**REQUIREMENT:** The lines below from the one with "Canceled 12/19/25 6:43" up to and including the one with "Læs mere IndkvarteringsenhederPrisen" are what you should set down, exactly and without pictures.

**INFORMATION:**
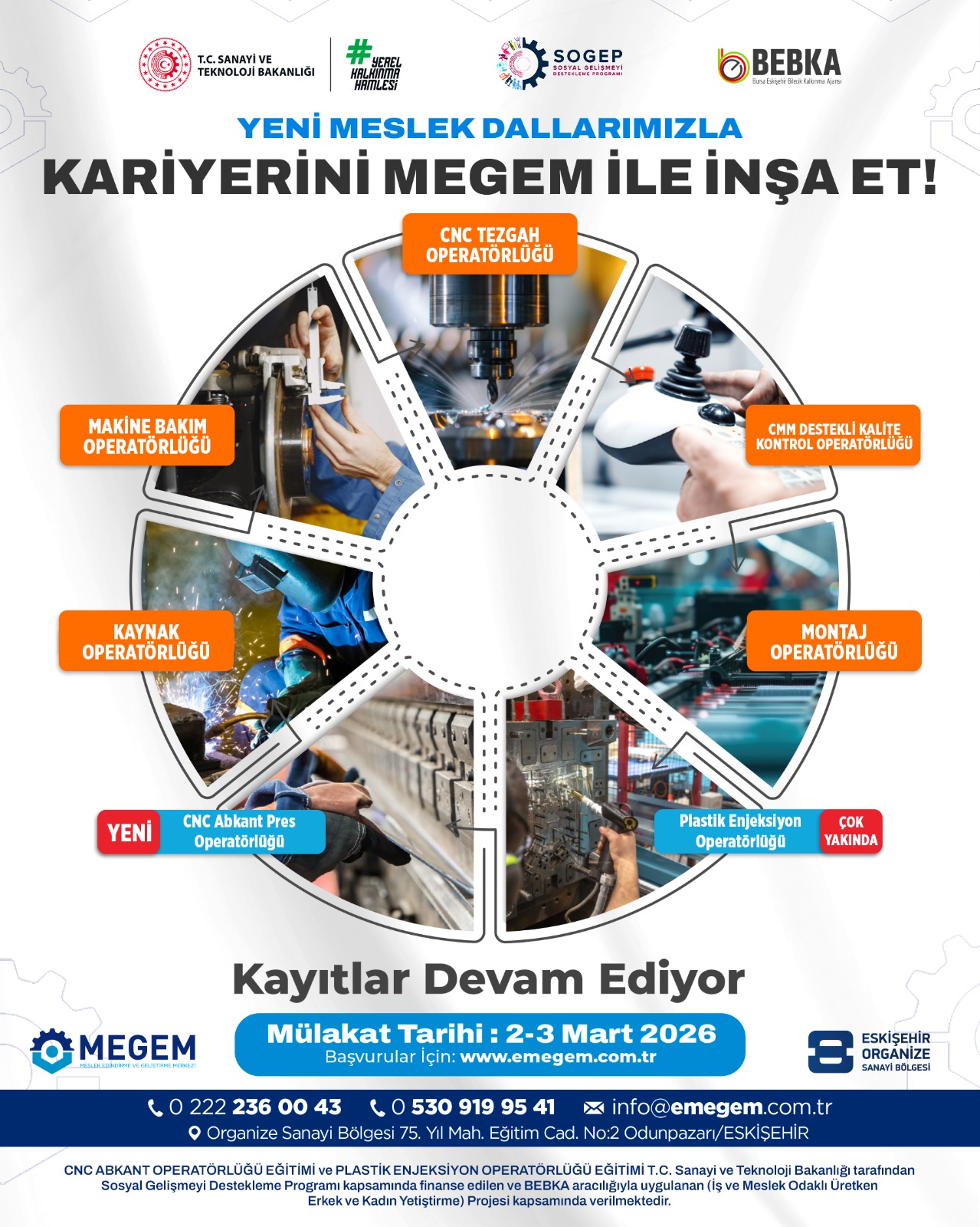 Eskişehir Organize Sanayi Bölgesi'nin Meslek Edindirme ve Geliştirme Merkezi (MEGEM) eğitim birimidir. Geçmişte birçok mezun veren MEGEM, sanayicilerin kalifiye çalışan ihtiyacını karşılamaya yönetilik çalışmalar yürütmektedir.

* * *

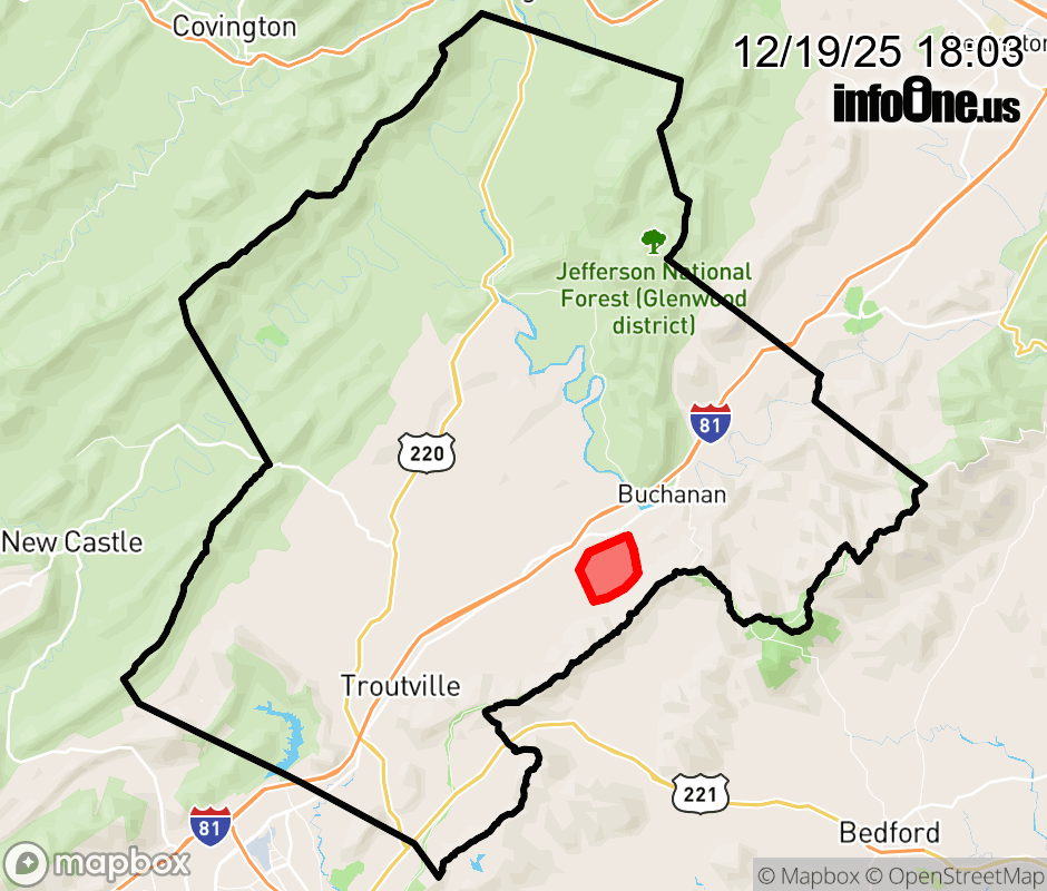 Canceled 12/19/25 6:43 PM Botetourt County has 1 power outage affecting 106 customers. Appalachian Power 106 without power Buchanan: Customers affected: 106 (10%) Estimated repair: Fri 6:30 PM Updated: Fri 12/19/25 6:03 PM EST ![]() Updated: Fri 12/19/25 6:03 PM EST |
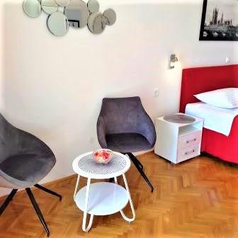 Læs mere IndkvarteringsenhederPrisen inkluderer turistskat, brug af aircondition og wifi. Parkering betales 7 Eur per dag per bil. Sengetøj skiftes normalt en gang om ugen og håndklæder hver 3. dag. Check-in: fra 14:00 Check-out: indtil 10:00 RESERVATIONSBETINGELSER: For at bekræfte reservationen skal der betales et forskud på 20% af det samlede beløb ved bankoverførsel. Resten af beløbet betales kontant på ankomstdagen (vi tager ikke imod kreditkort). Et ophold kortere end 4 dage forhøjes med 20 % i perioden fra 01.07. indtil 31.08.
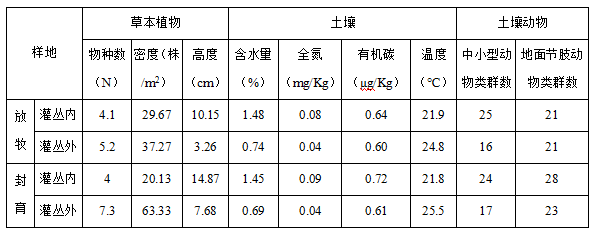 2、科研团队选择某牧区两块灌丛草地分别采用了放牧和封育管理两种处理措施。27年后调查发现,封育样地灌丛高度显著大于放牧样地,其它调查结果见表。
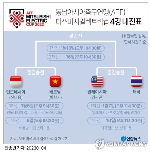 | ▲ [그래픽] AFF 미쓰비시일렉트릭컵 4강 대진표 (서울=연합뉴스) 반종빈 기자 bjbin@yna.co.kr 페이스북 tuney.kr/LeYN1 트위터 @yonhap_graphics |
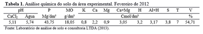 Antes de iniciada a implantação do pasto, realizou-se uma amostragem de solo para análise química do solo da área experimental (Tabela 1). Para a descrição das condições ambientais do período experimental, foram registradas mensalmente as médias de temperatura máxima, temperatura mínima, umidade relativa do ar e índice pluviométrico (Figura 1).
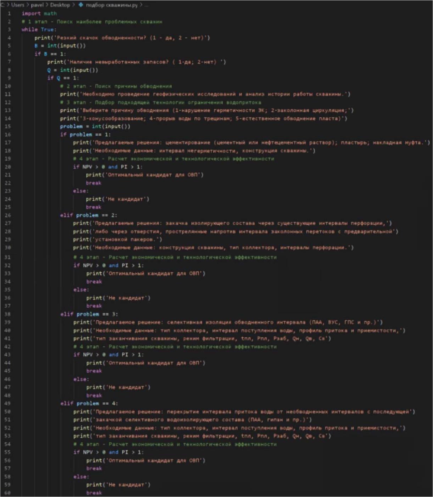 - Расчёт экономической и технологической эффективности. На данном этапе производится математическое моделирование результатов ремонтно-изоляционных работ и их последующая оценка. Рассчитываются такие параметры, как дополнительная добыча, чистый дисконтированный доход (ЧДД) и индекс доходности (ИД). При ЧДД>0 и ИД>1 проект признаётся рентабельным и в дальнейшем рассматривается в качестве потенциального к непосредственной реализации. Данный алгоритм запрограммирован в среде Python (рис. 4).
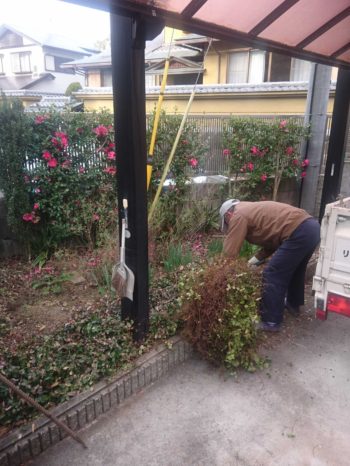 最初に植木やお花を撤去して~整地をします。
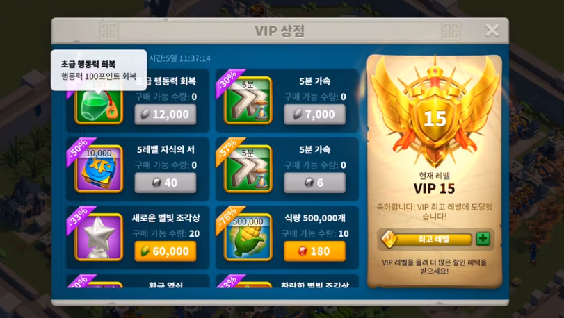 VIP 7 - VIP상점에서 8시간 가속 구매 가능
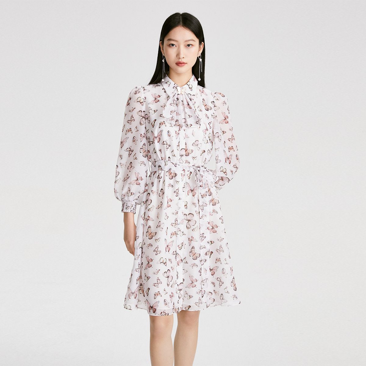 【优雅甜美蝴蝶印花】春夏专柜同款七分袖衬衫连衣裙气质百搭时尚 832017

**ANSWER SECTION:**
 Canceled 12/19/25 6:43 PM Botetourt County has 1 power outage affecting 106 customers. Appalachian Power 106 without power Buchanan: Customers affected: 106 (10%) Estimated repair: Fri 6:30 PM Updated: Fri 12/19/25 6:03 PM EST ![]() Updated: Fri 12/19/25 6:03 PM EST |
 Læs mere IndkvarteringsenhederPrisen inkluderer turistskat, brug af aircondition og wifi. Parkering betales 7 Eur per dag per bil. Sengetøj skiftes normalt en gang om ugen og håndklæder hver 3. dag. Check-in: fra 14:00 Check-out: indtil 10:00 RESERVATIONSBETINGELSER: For at bekræfte reservationen skal der betales et forskud på 20% af det samlede beløb ved bankoverførsel. Resten af beløbet betales kontant på ankomstdagen (vi tager ikke imod kreditkort). Et ophold kortere end 4 dage forhøjes med 20 % i perioden fra 01.07. indtil 31.08.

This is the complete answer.